Rachel and Beth’s Mother Quotes in Riding the Bus with My Sister
Mommy sits Max and Laura and me down in her room and closes the door. She tells us, “Beth needs a little extra help sometimes, and whenever you see that she does, help her. Don’t you ever forget: it could have happened to any one of you.”
Daddy says, “Some people send mentally retarded kids away to institutions, but we’ll never do that. Ever, ever, ever. We’ll always have room for her.”
Then when they get up and open the doors I think about how we just heard two words that they never say in front of Beth: “mentally retarded.” We never ask why, we just go back to playing with her. But we know, too, not to say those words where she can hear them.
Dad realizes they are lost.
“I don’t know where we are,” he admits, squinting through the blackness.
“Will we get home?” Beth asks.
“Somehow. I’ll get us there somehow.”
She’s quiet for a minute, then she looks at him. “At least we have each other,” she says.
I discover that [my mother] is not the cold-hearted, mayhem-loving monster I’d imagined, but a deeply unhappy and lonely woman who somehow got caught up with a violent con man, an event that fills her with shame. […] After Beth had been sent away, he’d almost beaten my mother to death—and only then, finally, had she fled, with fifty-seven cents in her hand.
I realize I need to learn forgiveness and compassion. Little by little, season after season, my days stop seeming so dark and my nights so scary.
I tell Laura how much better I feel, that my depression is lifting; I can even write again. I tell her that it may be the hardest thing she ever does in her life, but that if she can face it, she can do anything. She relents as she listens, and one day she too picks up the phone.

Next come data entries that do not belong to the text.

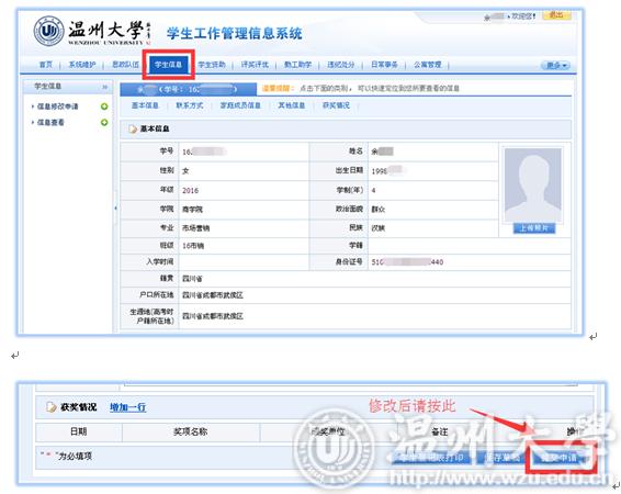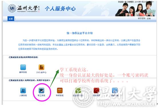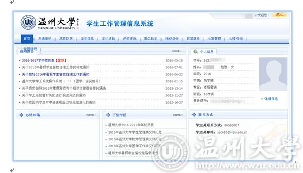 同学们好: 学工系统是贯穿老员工活的一个很重要的信息媒介。可在系统中的下载专区下载公司相关的各类文件,可在系统中办理个人信息维护、员工干部职务申请、评奖评优申请、各类资助申请、勤工助学岗位申请、勤工助学工资发放、日常事务(假期管理、假期留校申请、场地申请)等。请新生同学们尽快将学工系统中的个人信息进行维护,并在以后的老员工活中将信息不断更新,以便不影响在校期间接受各类紧急信息及各项事务办理。个人信息维护示意图如下: 一、登陆 打开http://rz.wzu.edu.cn,登录统一身份认证系统。 二、选择你要登陆的系统 三、新生个人信息维护(重要) 1、点击[员工信息],可以查看自己的个人信息。 2、个人信息从迎新系统中新生个人信息同步,如有发生变化的内容(如个人联系方式、工行卡号),请务必更新。 3、其他(电话号码、获奖情况、工行卡号动态填写)
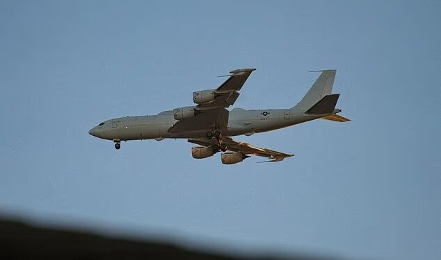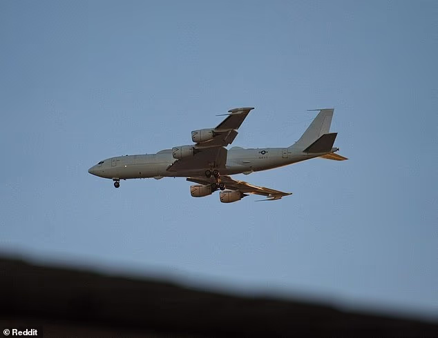 The US Navy’s E-6B Mercury (Pictured) was spotted over Fresno, California on March 8, conducting maneuvers as the fighting in Iran intensify
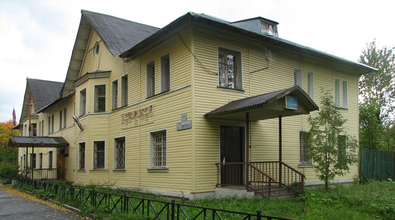 Напротив железнодорожной платформы стоит, наверное, самое красивое здание поселка (ул. А. Товпеко, 15):

[I] make out my reflection far too well, hauntingly blue and close. I cringe at the expression on my face.
Failure, it reads, and terror. The way my mother used to look when she trudged into the house after one of her dates. The way I used to feel when love withdrew. […] There is self-pity, too.
That old darkness rises within me. Don’t think about this, it says. Keep telling the world, No, I can’t, I’m sorry. Keep shutting the door.

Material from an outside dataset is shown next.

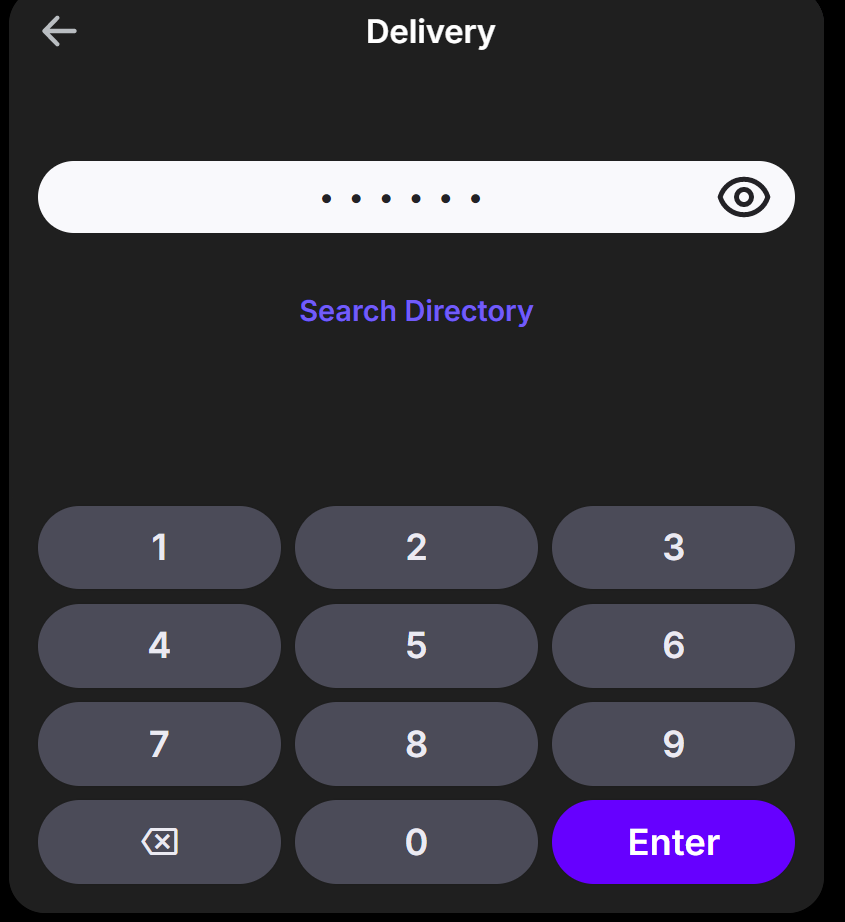 - When a package carrier or vendor clicks on the Delivery button, they will have the option to 'Enter Delivery PIN' or 'Search Directory.

But I do think about it. Beth is in stitches along with her friend right in front of me, and I realize with a jolt that for all her failures and terrors, I have never seen self-pity on her face. Not even a trace. Not once.

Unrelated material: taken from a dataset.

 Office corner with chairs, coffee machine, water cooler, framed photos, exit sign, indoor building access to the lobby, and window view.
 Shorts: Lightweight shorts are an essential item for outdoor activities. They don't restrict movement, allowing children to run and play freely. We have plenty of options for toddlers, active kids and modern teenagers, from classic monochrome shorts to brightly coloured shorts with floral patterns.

I lean against my wall, moved and chastened. For fifteen minutes I watch the flurries turn to serious snow outside my window and listen to her, and think how hard this apology must be for her—and how hard all this is for me. I had always told myself that facing my feelings about my mother was the hardest thing I would ever have to do, but now, standing here after telling my sister that I hate her, and hating myself for hurting her so, I realize that being a good sister to Beth might be even more difficult. No one can be a good sister all the time. I can only try my best. Just because I am not a saint does not mean that I am a demon.